In 1914, the House of Faberge presented the Mosaic egg to Emperor Nicholas II of Russia. It is a truly remarkable decorative egg and is now featured on the latest release in the Imperial Faberge Eggs series. The coins include a beautiful, colorized replication of the original design on the reverse, plus a diamond stud display around the edges for decorative purposes. Today, 2021 2 oz Silver Niue Faberge Mosaic Egg Coins are available to you online from Silver.com.
- Coins arrive in a decorative box with a Certificate of Authenticity!
- Brand-new Mosaic Faberge Egg coin!
- Mintage limited to 999 pieces worldwide!

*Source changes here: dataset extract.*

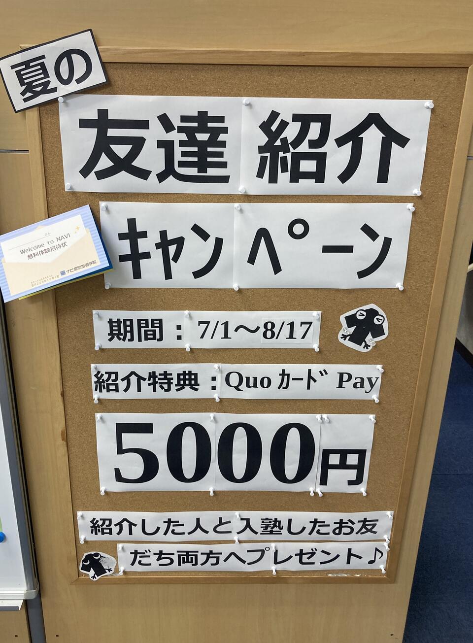 ナビ個別指導学院では現在「夏の友人紹介キャンペーン」を実施中です!

- Proof, Colorized visuals.
- Contains 2 Troy ounces of .999 fine silver.
- Issued a face value of Two Dollars from the Niuean government.

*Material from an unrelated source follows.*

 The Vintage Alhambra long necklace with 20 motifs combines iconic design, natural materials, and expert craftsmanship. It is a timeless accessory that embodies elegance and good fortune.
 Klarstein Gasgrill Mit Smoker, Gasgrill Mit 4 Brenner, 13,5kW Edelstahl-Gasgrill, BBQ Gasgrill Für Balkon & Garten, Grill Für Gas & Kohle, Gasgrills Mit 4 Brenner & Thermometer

- The obverse features Queen Elizabeth II.
- On the reverse side is a depiction of the Mosaic egg.
All 2021 2 oz Silver Faberge Mosaic Egg Coins have been crafted with painstaking precision by the Mint of Poland. These coins, which have a limited mintage of 999 pieces, will be delivered in original mint packaging. This includes an elaborate, decorative display box, plus a Certificate of Authenticity.
Queen Elizabeth II is depicted on the obverse of 2021 Niue Faberge Mosaic Egg Coins. The Queen is shown facing right and wearing the Girls of Great Britain and Ireland Tiara. Beneath this portrait, there is a Faberge egg opened to reveal the surprise inside. While all Faberge eggs were different, one commonality is that they all had a surprise hidden inside them. Inscriptions on the obverse read Niue Island, Elizabeth II, 2021, 2 Dollars, Ag .999.
The Mosaic is featured on the reverse field of 2021 2 oz Silver Niue Faberge Egg Coins. Considered by many to be the most beautiful Faberge egg, this replication includes many of its finest qualities, including a beautiful mosaic tapestry in the middle section. Surrounding the egg there is a magnificent arrangement of crystal inserts. You’ll see the words Imperial Faberge Eggs inscribed as well.
The Mosaic Faberge egg was produced for Russian Tsar Nicholas II, who presented it to his wife Alexandra Feodorovna on Easter, 1914. This was one of forty Faberge eggs that Nicholas commissioned for both his wife and his mother, Maria Feodorovna. The egg was eventually confiscated during the Russian Revolution. Today, it resides in Queen Elizabeth II’s Royal Collection, along with three other Faberge eggs.